Unnamed: 0,user_id,parent_asin,rating,timestamp,main_category,title,description,categories,price
0,AHLBT2RDWYQWN5O2XNBNX2JPWVZA,B08NYV2VLS,4.0,2022-07-08 18:26:28.360,Video Games,Story of Seasons: Trio of Towns - Nintendo 3DS,[STORY OF SEASONS: Trio of Towns is a fresh ne...,"[Video Games, Legacy Systems, Nintendo Systems...",
1,AHLBT2RDWYQWN5O2XNBNX2JPWVZA,B00KWIYPZG,5.0,2022-07-08 18:27:49.294,Video Games,Fantasy Life - 3DS,[Embark on a Journey that Lets You Build Your ...,"[Video Games, Legacy Systems, Nintendo Systems...",96.65
2,AF5NKVKUZGRPBR7HAYYDUS25RGRQ,B0BKRXQ5GL,3.0,2022-07-06 12:14:32.366,Computers,Logitech G Logitech G935 Over Ear Wireless Hea...,[Logitech G935 Wireless DTS:X 7.1 Surround Sou...,"[Video Games, PC, Accessories, Headsets]",153.98
3,AGGRGJRYYYWAL7V5M4RG4VFKL3HA,B07BGYLS1L,5.0,2022-06-25 20:06:42.077,Video Games,Shadow of the Tomb Raider - Xbox One,[Experience Lara croft's defining moment as sh...,"[Video Games, Xbox One, Games]",14.8
4,AEKEN3WITS4ZEJ7ZIISGJDZYJB3Q,B0BH1ZL3G9,5.0,2022-06-16 19:54:29.703,Computers,Hipshotdot PRO Color and Brightness Control Do...,[The HipShotDot is the gaming industry’s first...,"[Video Games, PC, Accessories, Controllers, Ga...",22.99
...,...,...,...,...,...,...,...,...,...
69,AETZPD7JKD42GBVYXBYPGOY4NF6Q,B09B35J159,4.0,2022-07-08 19:10:11.311,Computers,Razer Basilisk Ultimate HyperSpeed Wireless Ga...,"[With a high-speed transmission, extremely low...","[Video Games, PC, Accessories, Gaming Mice]",
70,AETZPD7JKD42GBVYXBYPGOY4NF6Q,B09QVJDVHN,5.0,2022-07-08 19:13:28.232,Computers,Redragon K552 Mechanical Gaming Keyboard RGB L...,[Redragon K552 Pro KUMARA 87 Key RGB LED Backl...,"[Video Games, PC, Accessories, Gaming Keyboards]",48.99
71,AEVNAGOLV5MAGEPCCTT6ADCGNFWA,B08DF248LD,3.0,2022-07-08 05:07:25.394,Video Games,Xbox Core Wireless Controller – Carbon Black,[Experience the modernized design of the Xbox ...,[],45.5
72,AGMNHX4YCSY3BJTLDALLPD5XEYTA,B07WSHTJ48,3.0,2022-07-01 00:34:15.608,Computers,"Redragon S101 Gaming Keyboard, M601 Mouse, RGB...",[],"[Video Games, PC, Accessories, Gaming Keyboards]",39.99


# Remove holdout data from OLTP

In [4]:
# PostgreSQL connection details
username = os.getenv("POSTGRES_USER")
password = os.getenv("POSTGRES_PASSWORD")
host = os.getenv("POSTGRES_HOST")
port = os.getenv("POSTGRES_PORT")
database = os.getenv("POSTGRES_DB")
schema = os.getenv("POSTGRES_OLTP_SCHEMA")

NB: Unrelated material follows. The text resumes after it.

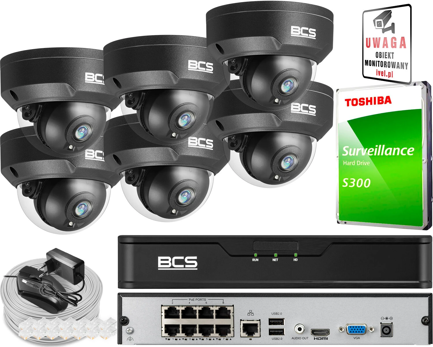 Surveillance Kit 6x BCS-P-DIP25FSR3-Ai2-G 5Mpx IK10 IR 30m, Starlight, Audio, Vandal-Resistant

# Create a connection string and engine outside the function
connection_string = f"postgresql://{username}:{password}@{host}:{port}/{database}"
engine = create_engine(connection_string)

In [5]:
def get_curr_oltp_max_timestamp():
    query = f"select max(timestamp) as max_timestamp from {schema}.{args.table_name};"
    return pd.read_sql(query, engine)["max_timestamp"].iloc[0]

In [6]:
assert get_curr_oltp_max_timestamp() == holdout_df["timestamp"].max()

In [7]:
from sqlalchemy import text

delete_query = f"DELETE FROM {schema}.{args.table_name} WHERE timestamp >= :timestamp;"
min_timestamp = holdout_df['timestamp'].min().strftime('%Y-%m-%d')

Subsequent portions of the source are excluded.